On the object level it looks like there are a spectrum of society-level interventions starting from “incentivizing research that wouldn’t be published” (which is supported by Eliezer) and all the way to “scaring the hell out of general public” and beyond. For example, I can think of removing $FB and $NVDA from ESGs, disincentivizing publishing code and research articles in AI, introducing regulation of compute-producing industry. Where do you think the line should be drawn between reasonable interventions and ones that are most likely to backfire?
On the meta level, the whole AGI foom management/alignment starts not some abstract 50 years in the future, but right now, with the managing of ML/AI research by humans. Do you know of any practical results produced by alignment research community that can be used right now to manage societal backfire / align incentives?

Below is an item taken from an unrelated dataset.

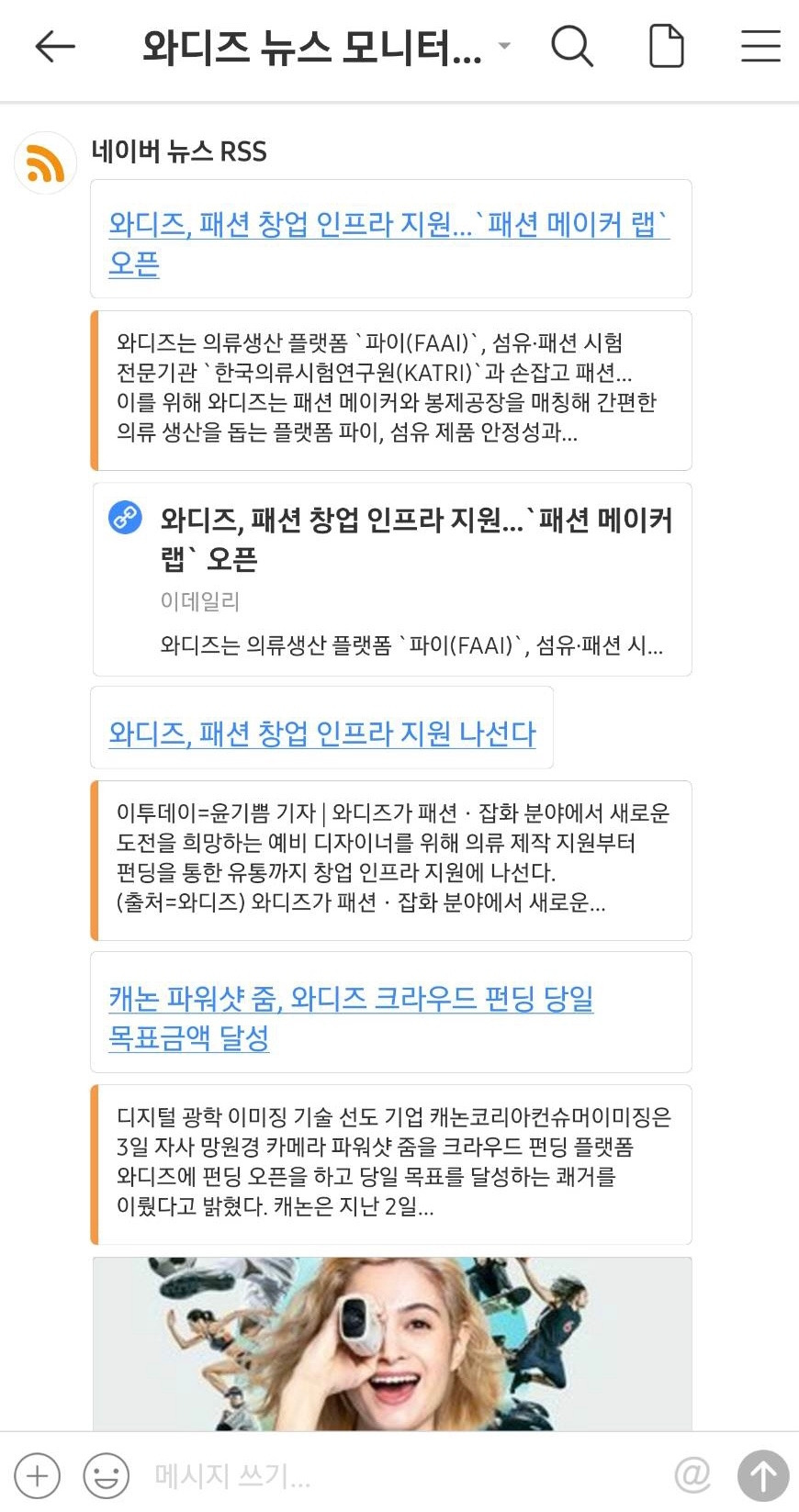 그러면 네이버 뉴스탭에서 수차례 회사명을 새로고침 하지 않아도 될테니 SOS를 날렸고, 능력자인 우리 동료는 사내 메신저 토픽(대화방)을 하나 개설하여 'RSS피드' 기능을 통해 우리 회사 키워드가 언급된 모든 뉴스를 대화방에 실시간으로 쏴주는 세팅을 해줬다.

RE: claim 25 about the need for research organisations , my first thought is that government national security organisations might be suitable venues for this kind of research as they have several apparent advantages:
Large budgets
Existing culture and infrastructure for research in secret with internal compartmentalisation
Comparatively good track record for keeping results secret in crypto, such as the NSA with RSA or GCHQ with PGP
Routes to internal prestige and advancement without external publication
Preventing the creation of unaligned AI would accord with their national security goals
However, they may introduce problems of their own:
Clearance requirements limit the talent pool that can work with them
As government organisations with less of a start-up culture, they may be less accommodating of this kind of research
An information leak that one organisation is researching this area could lead to international arms races
Tools suitable for public release that are developed may be seen as untrustworthy by association, such as the skepticism towards the NSA’s crypto advice
A research group would be more beholden to higher-ups who would likely be less sympathetic to the necessity of alignment work compared to capability work
Has this option been discussed already?
[AI risk question, not sure where to ask]
Hey, could you (or someone) help me understand how useful this would be? (Or, what would Yudkowsky say about it?)

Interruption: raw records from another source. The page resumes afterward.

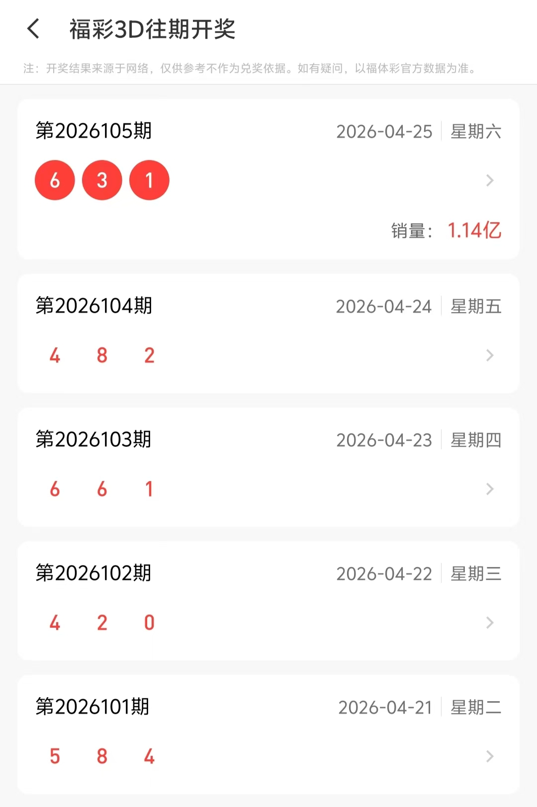 福彩3d2026年4月25日第105期,开奖号码是631,和值10,跨度4,偶奇奇,大小小,组六形态
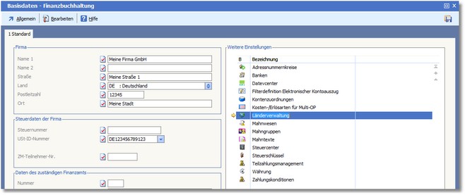 Die Basisdaten der Finanzbuchhaltung werden geöffnet.
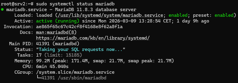 - SRV2: Our main server where we installed our web services (Apache2, PHP, MariaDB, Nextcloud).

I’m asking because this might be something that I, or someone that I know, could do
Some people here inspire me to make predictions ;) So here’s my attempt:
My guess, mainly based on this image (linked from the post):
Is that he’d say it’s a sub category of “getting models to output things based only on their training data, while treating them as a black box and still assuming unexpected outputs will happen sometimes”, as well as “this might work well for training, but obviously not for an AGI” and “if we’re going to talk about limiting a model’s output, Redwood Research is more of a way to go” and perhaps “this will just advance AI faster”
I agree that “think for yourself” is important. That includes updating on the words of the smart thinkers who read a lot of the relevant material. In which category I include Zvi, Eliezer, Nate Soares, Stuart Armstrong, Anders Sandberg, Stuart Russell, Rohin Shah, Paul Chistiano, and on and on.